The law does not recognize a "constitutional or inherent right of a convicted person to be conditionally released before the expiration of a valid sentence." Greenholtz v. Inmates of Neb. Penal & Corr. Complex , 442 U.S. 1, 7 (1979). Thus, absent the creation of a liberty interest in parole, a state's decision to deny parole does not impinge on any procedural due process interests. See, e.g., Stephens v. Chairman of Pa. Bd. of Prob. & Parole, 173 F.App'x 963, 965 (explaining that the United States Supreme Court has held that "an expectation of release on parole is not a constitutionally protected liberty interest" quoting Jago v. Van Curen , 454 U.S. 14 (1981)).

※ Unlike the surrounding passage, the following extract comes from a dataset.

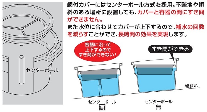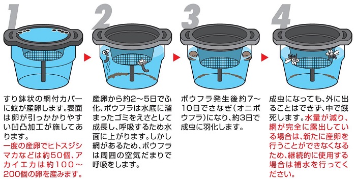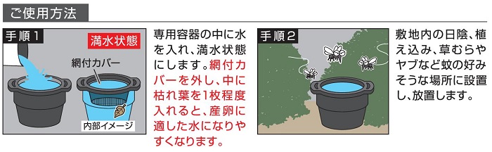 薬剤・電気不使用の環境にやさしく、二次的な被害も起こらない、蚊の発生を減らす容器です。 |

Both the federal and Pennsylvania state courts have held that parole is not a constitutionally protected liberty interest under Pennsylvania law. Burkett v. Love , 89 F.3d 135, 139 (3d Cir. 1996); Rogers v. Pa. Bd.of Prob. & Parole , 724 A.2d 319, 323 (Pa. 1999). Thus, petitioner cannot establish that he possesses a liberty interest in parole, and he has not demonstrated a violation of a protected constitutional right which would allow him to present a procedural due process claim. Accordingly, the Board's decision did not violate his right to procedural due process.[1] Thus, petitioner's claim is without merit and the petition for a writ of habeas corpus will be denied.

Conclusion

The instant petition for a writ of habeas corpus will be denied. Petitioner has no valid due process claim with respect to either the misconduct hearing or the parole issue. We will thus adopt the R&R and overrule the petitioner's objections. An appropriate order follows.[2]